= Beginning of Section =
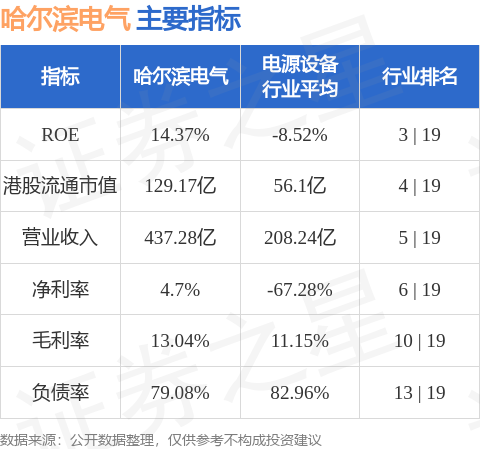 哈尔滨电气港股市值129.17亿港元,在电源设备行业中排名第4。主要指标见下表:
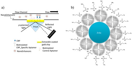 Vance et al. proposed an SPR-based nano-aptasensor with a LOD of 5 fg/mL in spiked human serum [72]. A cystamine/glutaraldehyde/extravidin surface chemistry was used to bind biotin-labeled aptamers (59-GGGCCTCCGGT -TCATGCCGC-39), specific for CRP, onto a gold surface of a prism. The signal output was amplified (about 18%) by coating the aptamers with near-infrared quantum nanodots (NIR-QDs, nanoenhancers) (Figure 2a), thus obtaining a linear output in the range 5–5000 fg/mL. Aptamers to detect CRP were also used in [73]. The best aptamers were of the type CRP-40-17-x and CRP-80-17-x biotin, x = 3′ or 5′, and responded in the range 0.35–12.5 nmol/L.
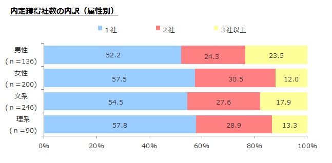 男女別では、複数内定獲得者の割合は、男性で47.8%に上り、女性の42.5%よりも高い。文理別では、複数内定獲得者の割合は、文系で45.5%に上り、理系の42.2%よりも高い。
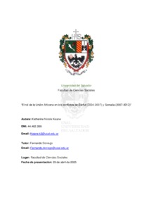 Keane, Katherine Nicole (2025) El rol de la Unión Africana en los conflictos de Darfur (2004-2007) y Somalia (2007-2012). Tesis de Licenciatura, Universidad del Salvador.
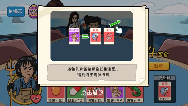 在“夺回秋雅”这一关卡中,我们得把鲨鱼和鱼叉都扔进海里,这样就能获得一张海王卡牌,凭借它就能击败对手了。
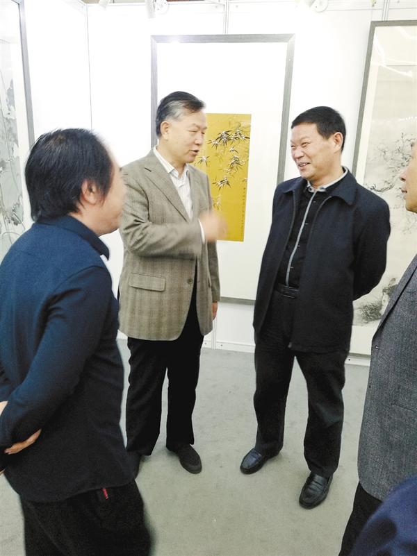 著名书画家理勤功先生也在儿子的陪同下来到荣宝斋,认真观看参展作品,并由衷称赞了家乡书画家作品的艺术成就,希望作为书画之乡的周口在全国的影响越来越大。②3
= End of Section =
= Beginning of Section =
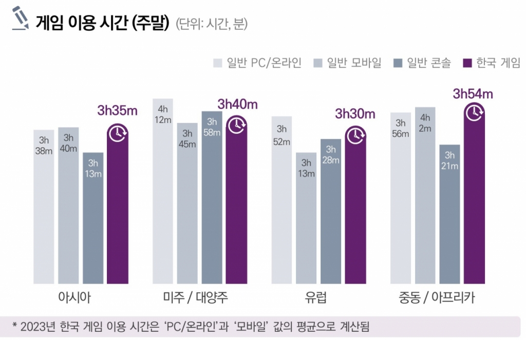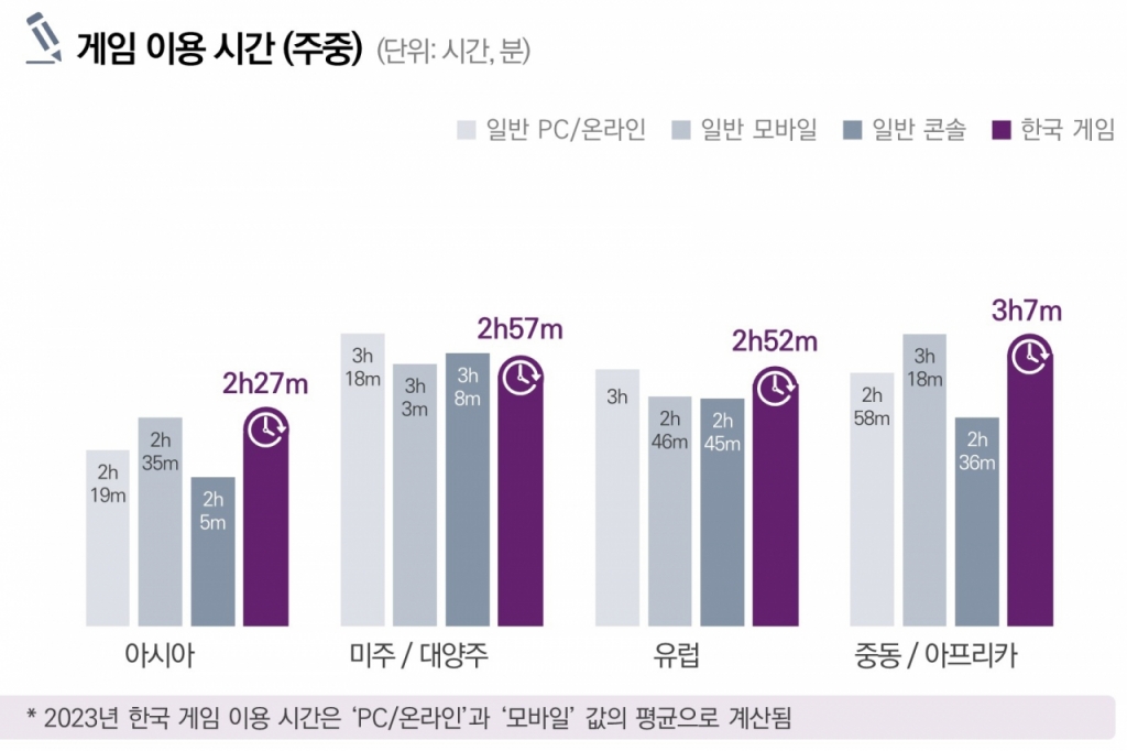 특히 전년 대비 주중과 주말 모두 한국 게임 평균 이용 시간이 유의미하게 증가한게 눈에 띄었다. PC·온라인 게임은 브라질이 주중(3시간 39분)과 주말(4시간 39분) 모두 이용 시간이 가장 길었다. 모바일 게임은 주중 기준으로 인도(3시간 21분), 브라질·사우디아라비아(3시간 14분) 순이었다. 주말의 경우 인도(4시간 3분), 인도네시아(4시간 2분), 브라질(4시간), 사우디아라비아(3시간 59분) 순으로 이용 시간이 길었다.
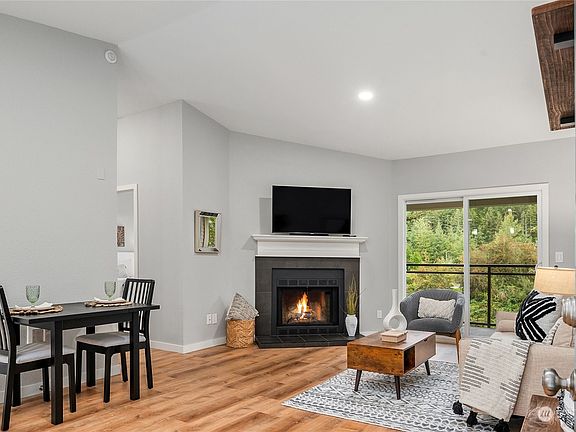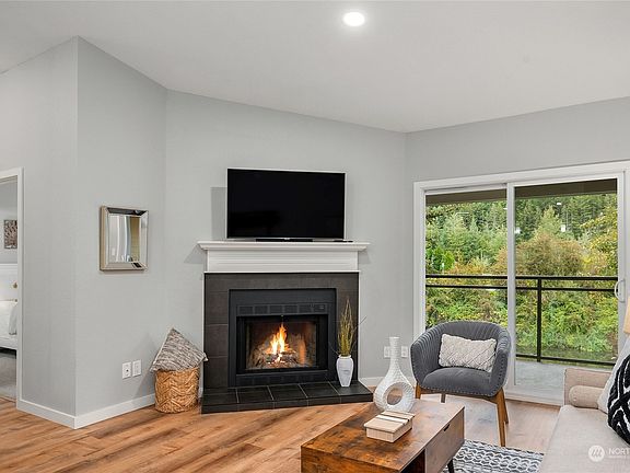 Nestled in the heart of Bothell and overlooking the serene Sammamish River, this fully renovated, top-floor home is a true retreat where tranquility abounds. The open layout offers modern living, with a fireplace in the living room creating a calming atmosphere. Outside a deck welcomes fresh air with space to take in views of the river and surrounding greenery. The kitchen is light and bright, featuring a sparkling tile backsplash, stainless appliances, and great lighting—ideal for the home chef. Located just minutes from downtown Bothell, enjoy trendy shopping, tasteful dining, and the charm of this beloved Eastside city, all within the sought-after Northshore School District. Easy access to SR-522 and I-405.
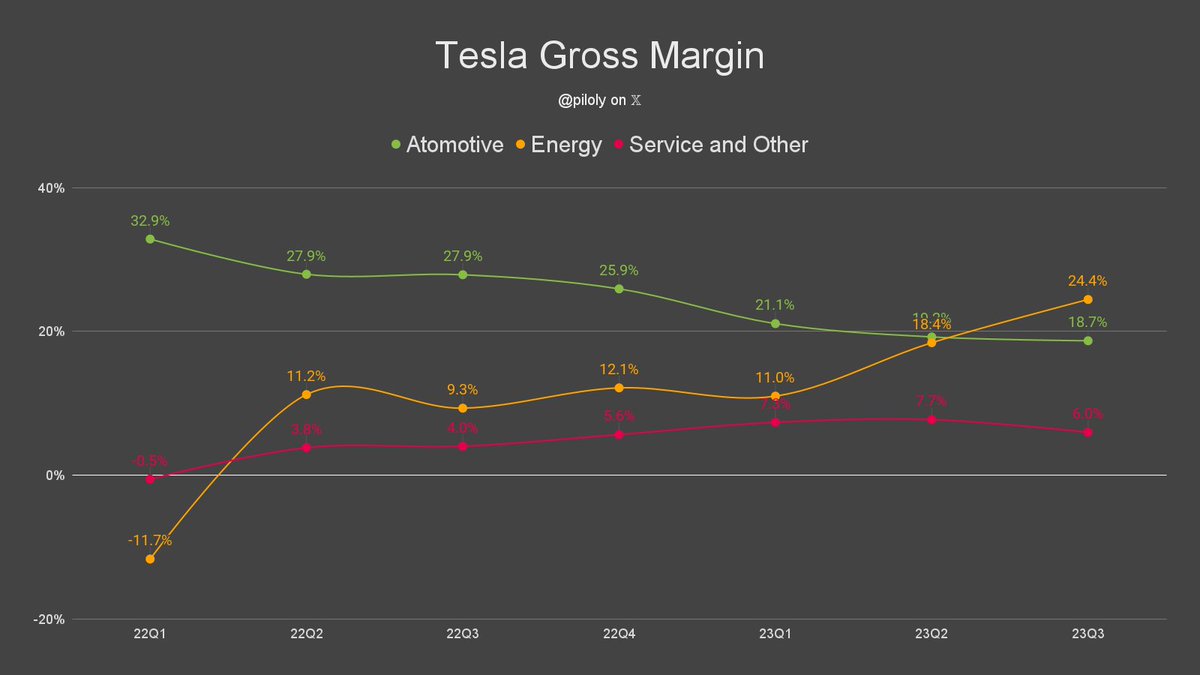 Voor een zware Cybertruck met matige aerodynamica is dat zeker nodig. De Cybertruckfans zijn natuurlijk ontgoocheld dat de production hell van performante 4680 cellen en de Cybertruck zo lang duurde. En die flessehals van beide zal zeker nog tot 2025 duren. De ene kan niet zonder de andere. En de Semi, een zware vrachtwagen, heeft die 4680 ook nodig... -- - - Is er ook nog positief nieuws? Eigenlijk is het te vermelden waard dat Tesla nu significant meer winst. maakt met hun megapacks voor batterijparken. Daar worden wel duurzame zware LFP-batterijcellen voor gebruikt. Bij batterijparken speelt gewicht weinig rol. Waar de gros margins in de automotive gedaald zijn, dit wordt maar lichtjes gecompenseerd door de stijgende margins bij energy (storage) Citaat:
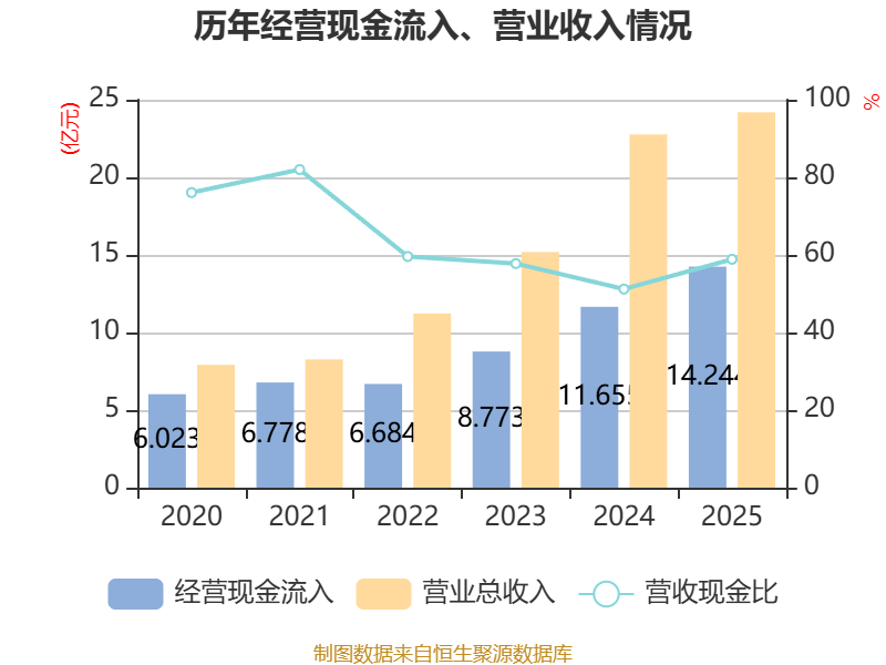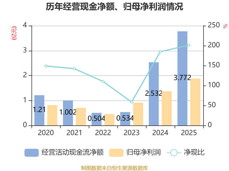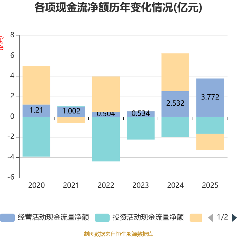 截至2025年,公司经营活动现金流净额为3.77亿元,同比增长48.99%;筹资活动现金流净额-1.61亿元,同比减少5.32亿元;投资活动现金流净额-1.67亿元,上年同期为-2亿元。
= End of Section =
§ Exercise description:
Pictures aside, return exactly the lines from the data above, starting at the line that has "Keane, Katherine Nicole" and ending at the line that has "著名书画家理勤功先生也在儿子", both included.

§ Finished task:
 Keane, Katherine Nicole (2025) El rol de la Unión Africana en los conflictos de Darfur (2004-2007) y Somalia (2007-2012). Tesis de Licenciatura, Universidad del Salvador.
 在“夺回秋雅”这一关卡中,我们得把鲨鱼和鱼叉都扔进海里,这样就能获得一张海王卡牌,凭借它就能击败对手了。
 著名书画家理勤功先生也在儿子的陪同下来到荣宝斋,认真观看参展作品,并由衷称赞了家乡书画家作品的艺术成就,希望作为书画之乡的周口在全国的影响越来越大。②3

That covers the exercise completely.